RESULTS: CBF and CBV color maps based on DC and MS were of comparably high quality. Quantitative CBF and CBV values calculated by DC and MS were within the same range in nonischemic regions. In suspected penumbra regions, average CBFDC was lower than CBFMS. In suspected infarction core regions, average CBVDC was similar to CBVMS. Using adapted tissue-at-risk/nonviable-tissue thresholds, we found excellent correlation of DC and MS lesion sizes.
CONCLUSIONS: DC and MS yielded comparable qualitative and quantitative results. Lesion sizes indicated by DC and MS showed excellent agreement when using adapted thresholds. In all cases, the same therapy decision would have been made.
- arterial input function
- Alberta Stroke Program Early CT Score
- cerebral blood flow
- cerebral blood volume
- gray matter
- least mean square
- maximum intensity projection
- maximum slope
- mean transit time
- nonviable tissue
- posterior cerebral artery
- perfusion CT
- relative cerebral blood flow
- relative cerebral blood volume
- relative mean transit time
- relative time to drain
- relative time to peak
- region of interest
- signal-to-noise ratio
- singular value decomposition
- time attenuation curve
- tissue at risk
- time to drain
- time to peak
- time to start
- white matter
PCT is a well-established technique in acute stroke imaging. PCT has been proved superior to noncontrast CT1–3 and equivalent to MR imaging in terms of infarct and penumbra characterization and selection for reperfusion therapy.4–6 Quantitative perfusion parameters such as CBF, CBV, TTP, MTT, and TTD can be calculated and displayed as color maps. Indications for reperfusion therapy may be based visually on a mismatch of CBF and CBV and/or quantitatively on thresholds defining TAR (penumbra) and NVT7–9—possibly even in an extended time window.10,11
Commercial PCT postprocessing software currently available is based on a variety of implementations of DC or MS models. It has recently been shown that quantitative values as well as color maps can be significantly different among software/algorithms, even when using identical source data.12 In terms of promoting PCT standardization,13,14 evaluating quantitative and qualitative differences of PCT algorithms is of great importance. The objective of our study was to determine quantitative as well as qualitative comparability of delay-insensitive DC and MS algorithms by systematically analyzing corresponding color maps as well as region-of interest–based measurements (CBF, CBV, and temporal parameters) of both methods.
Materials and Methods
We retrospectively enrolled in our study 50 PCT source datasets of patients with acute onset of neurologic symptoms in ≤9 hours. These datasets were acquired on multisection CT scanners after administration of a compact contrast bolus with an injection rate of at least 5 mL/s via power-injector through an 18-gauge intravenous line, by using the following scanning parameters: section thickness, 10–12 mm; tube voltage, 80 kV(peak); tube current, 180–235 mAs; scanning delay, 4 seconds; scanning time, 40 seconds; and temporal resolution, 1 second. Two sections at the level of the basal ganglia were imaged. In the final evaluation, only the section demonstrating the largest extent of ischemia was selected. Datasets without any hemodynamic disturbance as well as datasets with severe motion artifacts or inadequate contrast bolus were excluded from the analysis.

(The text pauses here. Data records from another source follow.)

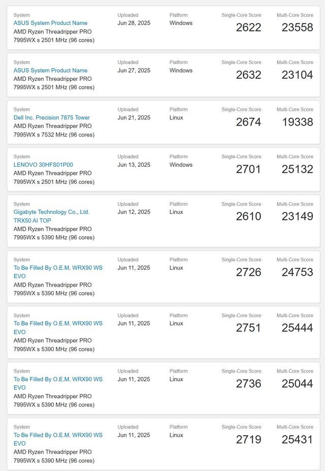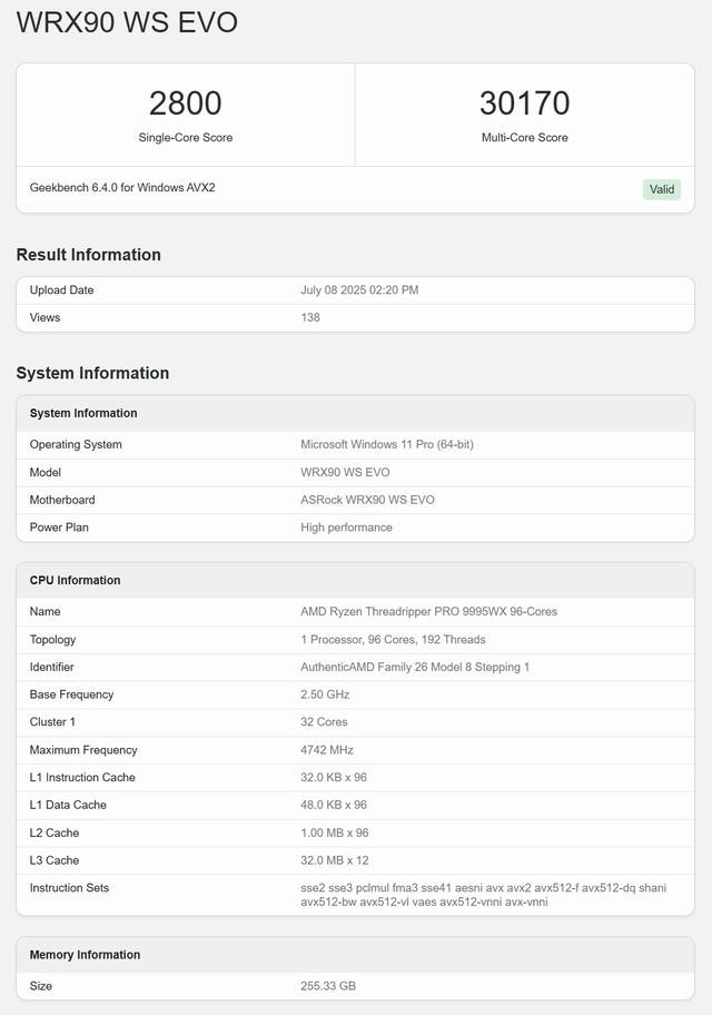 在Geekebench 6数据库中,一台配备了256GB和华擎WRX90 WS EVO主板的9995WX单核性能得分2800,多核心得分30170。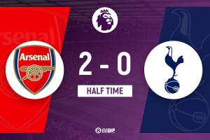 体育资讯11月24日讯 北京时间11月24日凌晨0时30分,2025-26赛季英超第12轮北伦敦德比在酋长球场展开角逐,阿森纳主场迎战热刺。上半场特罗萨德打破僵局,梅里诺挑传助攻,埃泽扩大比分,赖斯送助攻,阿森纳5分钟2球暂时2-0领先热刺,热刺半场0射门。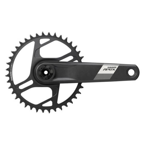 Le pédalier SRAM Apex 1 Wide est doté de bras de manivelle en aluminium, d'un axe DUB léger et rigide, et d'un plateau X-SYNC élégant et sécurisé en montage direct pour un contrôle de chaîne impeccable.

Calculation of perfusion parameters and color maps was performed with a commercial perfusion package (VPCT-Neuro; Siemens Healthcare, Forchheim, Germany) containing implementations of a DC model and an MS model as the final step of an otherwise identical preprocessing. Both algorithms are explained in the On-line Appendix. For each dataset, processing was done semiautomatically with default settings as used in routine clinical work. Brain parenchyma was first isolated by skull bone contour findings; CSF and calcifications were removed by thresholding. The AIF was measured in suitable branches of the middle or anterior cerebral artery; the venous outflow (and the maximum enhancement reference) was taken from the superior sagittal sinus, both by semiautomatic vessel detection. Major vessels were removed by relative thresholding applied to the maximum voxel enhancement. Standard relative thresholds were 8% of the maximum enhancement in the superior sagittal sinus. Finally, an adaptive spatial filtering was performed that did not smooth over edges and vessel borders. All settings were completely identical for DC and MS. All quantitative values were determined without including larger vascular structures.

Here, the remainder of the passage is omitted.